Worst Jokes Ever
Imagine Stephen Hawking was the real Slim Shady but could not stand up.
What do you call a snail without a shell?
Dead.
What do you call a masturbating cow?
Beef stroganoff.
What did the priest say to the skunk?
Let us spray.
What do priests and doctors have in common?
They both do physicals on kids.
There was a magician on board the Titanic and said that he could make anything disappear.
Once the ship had gone down one of the passengers said to him, "Go on, so what did you do with the ship then?"
Your birth certificate is a complaint to the condom factory.
What do you call a heterosexual man performing fellatio on another heterosexual man?
Bisexual.
I don't say funny stuff because I'm afraid they will take the German passport from me.

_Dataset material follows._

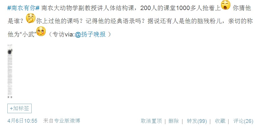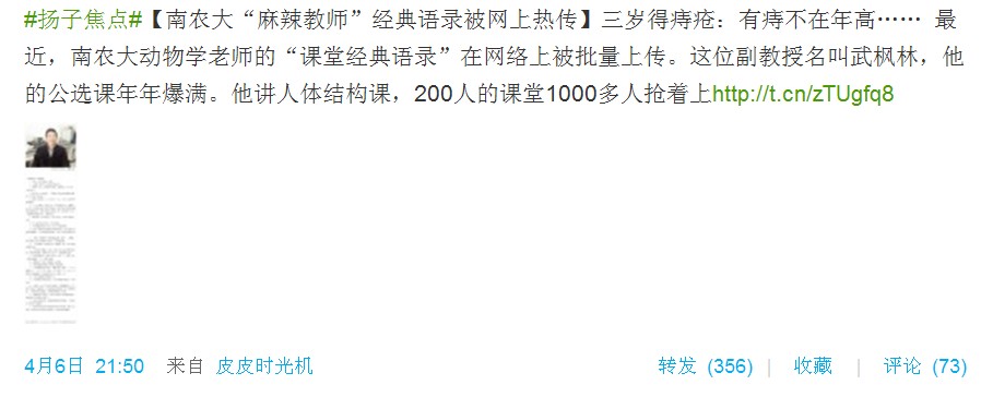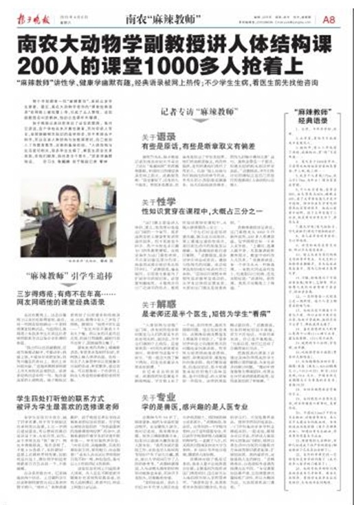 近日,我校动物学副教授武枫林老师的公选课经典语录在网络热传,他在《人体结构与功能》的公选课中融入了性学、健康学的基本知识,授课风格幽默风趣,200人的课堂1000多人抢着上。4月6日,《扬子晚报》以整版的篇幅介绍了这位“麻辣教师”,并摘录了学生上传的经典语录,我校官方微博第一时间对报道进行了转载,粉丝互动踊跃,转发量数百条,扬子晚报官方微博扬子焦点栏目也对此进行了再聚焦。

There is a man in the hospital. The power went out, and the man was stabbed to death. There are three witnesses: the nurse who was with another patient, the doctor who was reading some paperwork, and The Who who was at the vending machine. Who killed the man?
The mom did, because you can’t use a vending machine when the power's out!

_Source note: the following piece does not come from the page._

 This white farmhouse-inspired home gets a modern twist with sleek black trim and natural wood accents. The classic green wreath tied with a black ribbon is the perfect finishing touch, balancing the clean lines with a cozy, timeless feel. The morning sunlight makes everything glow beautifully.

What do you call Stephen Hawking on fire?
Hot wheels.
What was the name of Russia's first female traffic cop?
Ivana Pulyova.
Patient: Oh, doctor, I’m just so nervous. This is my first operation.
Doctor: Don’t worry. Mine too.
When an asteroid is coming to kill us all:
98.9% of the population: OMG, we're all gonna die!
1% of the population: Eh... I never had any friends anyway.
Alia: ROLL THE INTRO!
What did one needle say to the other?
"You be looking sharp!"
Aren't paraplegics just plegics that can fly?
Can you drive a pizza? Of course, as long as you change the olive oil.
How many line cooks does it take to screw in a lightbulb?
Three. One to do it, and two to say that they did it better at the previous restaurant they were at.
What was the one test that Steven Hawking couldn't pass?
reCAPTCHA
My best friend ran away with my wife. I really miss him.